岡部騎手が現役引退へ

岡部幸雄騎手(56)の現役引退が9日、濃厚となった。10日に記者会見し発表する見込み。
http://www.nikkansports.com/ns/horseracing/f-hr-tp0-050309-0011.html

何年か前には「日曜最終レースの岡部は人気でも外し。その時間にはもう追う力も残ってないから。」などと言っていた人がいたけど、とうとう来るべきときが来たのかなぁって感じです。私にとっては最後の昭和のジョッキーで、同世代の柴田政人武邦彦そして福永洋一らと築いた時代を守ってきた最後の番人・職人・名人といった印象です。彼は調教師になることを目標とせず、早くから海外へ目を向けた日本最初の国際派ジョッキーでした。馬に対する評価も大体が「まあまあだね」「まだまだだね」が多く、本当に表情の変わらないインタビューがあり、そのくせマテリアル号の復活レースでは派手なガッツポーズを出したりもした。(そのマテリアルがゴール直後に故障・予後不良になったことで、彼は以降、ガッツポーズをとらなくなったのだが・・・)
彼はシンボリルドルフに競馬の何たるかを教え、そして巨大な重圧と戦う方法を教えてもらったはずだ。また、彼は名手と言われ続けた。それは奇抜な騎乗法をとらないスタイルと、理路整然とした騎乗理論によるものだが、どれだけ勝っても「天才」とは呼ばれなかった。

何故なのか。

それは彼にとっての「天才」とは福永洋一であり、それ以外の者でないことを昭和のファンが知っていたからだ。15期生の華は福永にあった。彼が現役である限り「名手」は「天才」になることはなく、「天才」が不運にもターフを去ったのちもそれは変わらなかった。

1987年に福永の年間最多勝記録を岡部が抜いたとき彼は何を思ったか。「天才」に並んだと思ったか。それともまだ彼の前には「天才」の背中があったのだろうか。

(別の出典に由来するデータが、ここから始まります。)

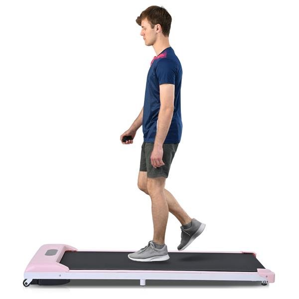 About this item2 in 1 Under Desk Treadmill. The independent remote control can efficiently control and adjust the running speed and improve the running safety. Available in 0.5 to 4 MPH Speed levels, this walking treadmill allow you to select different speed base on your physical condition and exercise based. Maximum weight: 260lbs.With a 2.5 HP powerful quiet Motor,the electric treadmill is perfect for running, jogging, and walking in the comfort of your home. With a durable steel frame and multi-layer shield design, the under desk treadmill's shock-absorbing and noise-reducing, making your running quieter, safer and more comfortable.The LED display clearly shows time, calories, step, speed and distance, monitoring your progress in real time and keeping your movement data at a glance. No Assemble & Space-saving: Unlike the traditional treadmills, our walking and running 2 in 1 treadmill is no assemble needed, designed to be lightweight, portable and easy to store under the bed or desk. Wheels at the bottom are for easy transportation.39.37"x 14.96" Widened Running Belt Making running or walking on this treadmill more freely. 5 layers non-slip running belt and Silica gel column support will greatly absorb shock to provide cushioning for knee, muscle and joints.Walking Pad Under Desk With Remote ControlWalking Pad With UL ReportWalking Pad With BluetoothWalking Pad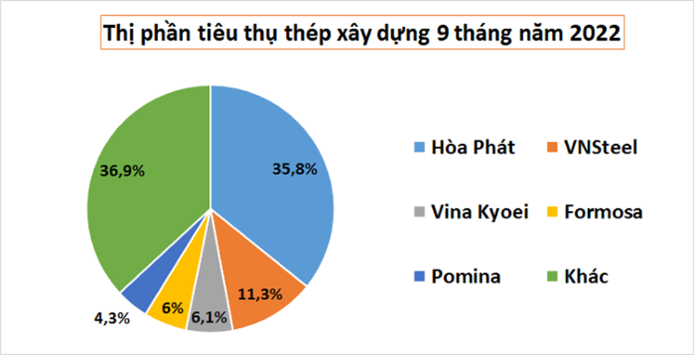 Theo số liệu của VSA, 9 tháng đầu năm, tiêu thụ thép xây dựng của Hòa Phát đạt 3,4 triệu tấn, tăng 24% so với cùng kỳ năm 2021, chiếm 38% thị phần tiêu thụ thép xây dựng, dẫn đầu toàn ngành.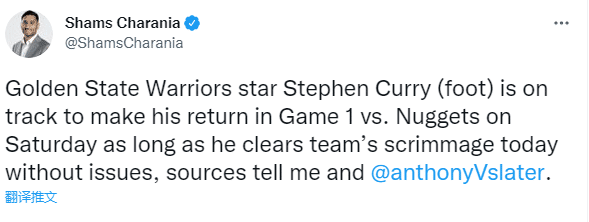 如今名记确认,若库里今天训练后感觉良好,他就会在勇士和掘金系列赛G1复出。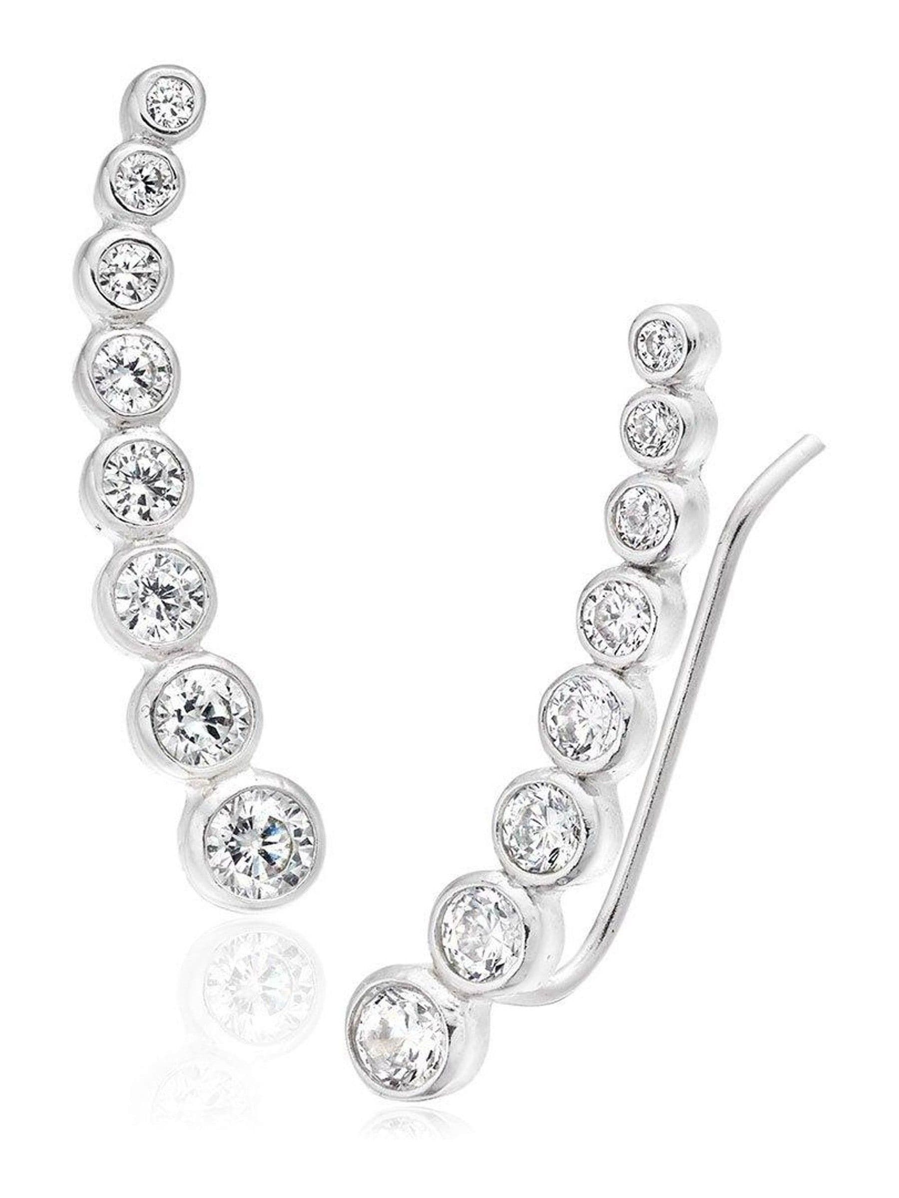 These cubic zirconia climber earrings will transform all your looks. Designed in sterling silver, these eye-catching pair feature a row of cubic zirconia to create a luxurious effect that is perfect for dressing up your evening looks.

今、彼はステッキを置こうとしている。彼は追い続けた背中に並んだのだろうか、追い抜いたのだろうか。それとも、いまだに・・・。

現役であることにこだわり、それを貫いた名手が築いたものは大きく、大きな輝きがある。彼自身にとってはもっと大きな恒星があるのかもしれない。いまやその恒星は目に入らないのかもしれない。ただ私は岡部幸雄という恒星に魅せられた一人であり、今までも、そしてこれからも「名手」といわれれば彼の名前を思い出すのであろう。